It's cool to smoke!
When I quit smoking in 1988 for the first time, I had been smoking
for 28 years. I lasted for 6 years and then started smoking again in 1994, blaming stress for my relapse. The scary part was that I had succeeded for that long and then went back. Lesson to be learned: The habit NEVER leaves you, at least for me, it doesn’t.
I quit cold turkey, BOTH times. I quit again in 1997 and have not smoked since, so I guess it has been another 6 years this time.
I used money as a motivator to quit. I used to smoke at least 2 packs a day. When I first quit, I figured that I was spending about $100.00 a month on cigs. That was in 1988. Well, I ALWAYS paid myself that amount of money per month. My logic was that a smoker will do without anything but cigs. So, I paid myself $100.00 a month to not smoke, and I stlll do! I really should give myself a raise, as I know if I still smoked 2 packs a day, that it would be well over $100.00 a month now. I set that
money aside and dedicate it to buying extravagant things for myself. After all, it would be up in smoke anyway!
Another motivator was time. I figured that it took about 10 minutes to smoke a cig. If I smoked 6 cigs a day, well, I lost an hour of productivity, and not many serious smokers just smoke 6 cigs a day. Quit smoking, and productivity increases.
The second time I quit was much harder than the first. I think that it was because I had succeeded before and therefore I KNEW I could do it again. So I kept putting off quitting, as I knew I could do it whenever I chose to do so. Another problem with the second time was that it seemed as if the nicotine was so much stronger than before. I was smoking so much that I was literally chain smoking at times. Yes, lighting a new cig with the fire from the old one. My wife told me that she had never seen anyone go from not smoking to smoking as much as I did.
And, yes, when I quite…both times…SHE continued to smoke. Therefore, it was that much harder for me to quit. Having to live with a smoker. There was no: “I’ll go outside, so it doesn’t bother you.” Her perpetual “flick of the Bic” was a constant reminder of my need for a cigarette. It continually triggered a Pavlovian response whenever I heard it.
But what did she know? She had NEVER tried to quit smoking…well, that is, until she went into ICU...then she quit.

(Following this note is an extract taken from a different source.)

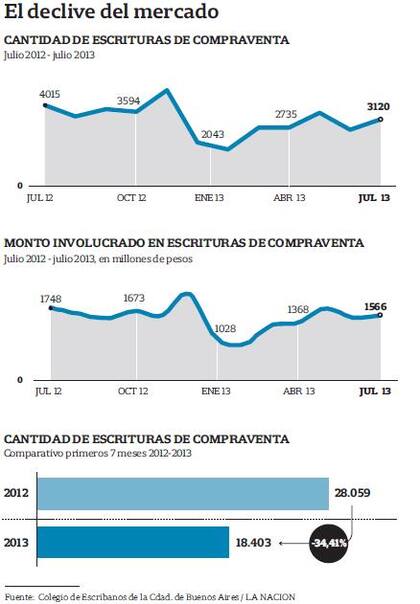 Según informó el Colegio de Escribanos porteño, en julio se firmaron en la ciudad 3120 escrituras por un monto total de $ 1566,5 millones, con un valor promedio por operación de 502.000 pesos, lo que implica una caída del 12,8% frente al mismo de 2012, aunque contra junio el precio tuvo un incremento del 15,3%. En tanto, en el acumulado de los primeros siete meses de 2013 se realizaron en la Capital Federal un poco más de 18.000 operaciones de compra-venta por $ 9367 millones, equivalentes a 1810 millones de dólares al cambio oficial, lo que representa una baja del 34,4% en el número de escrituras y del 38.8% en dólares.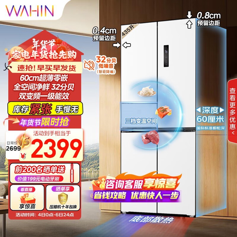 华凌HR-456WUSPZ十字对开门冰箱,国家补贴立减20%

That is where a LOT of people will quit; they just don’t know it yet. Whenever someone you love is going to have heart surgery and the Dr. says that they don’t know if their lung capacity is good enough to get off of the heart-lung machine, it makes all
those days of looking “cool” seem a bit naïve. Sitting outside the operating room, weeping, and waiting…I lost my mother to lung cancer, and my wife's mother HAS lung cancer, and she STILL smokes! Yeah...it's cool to smoke.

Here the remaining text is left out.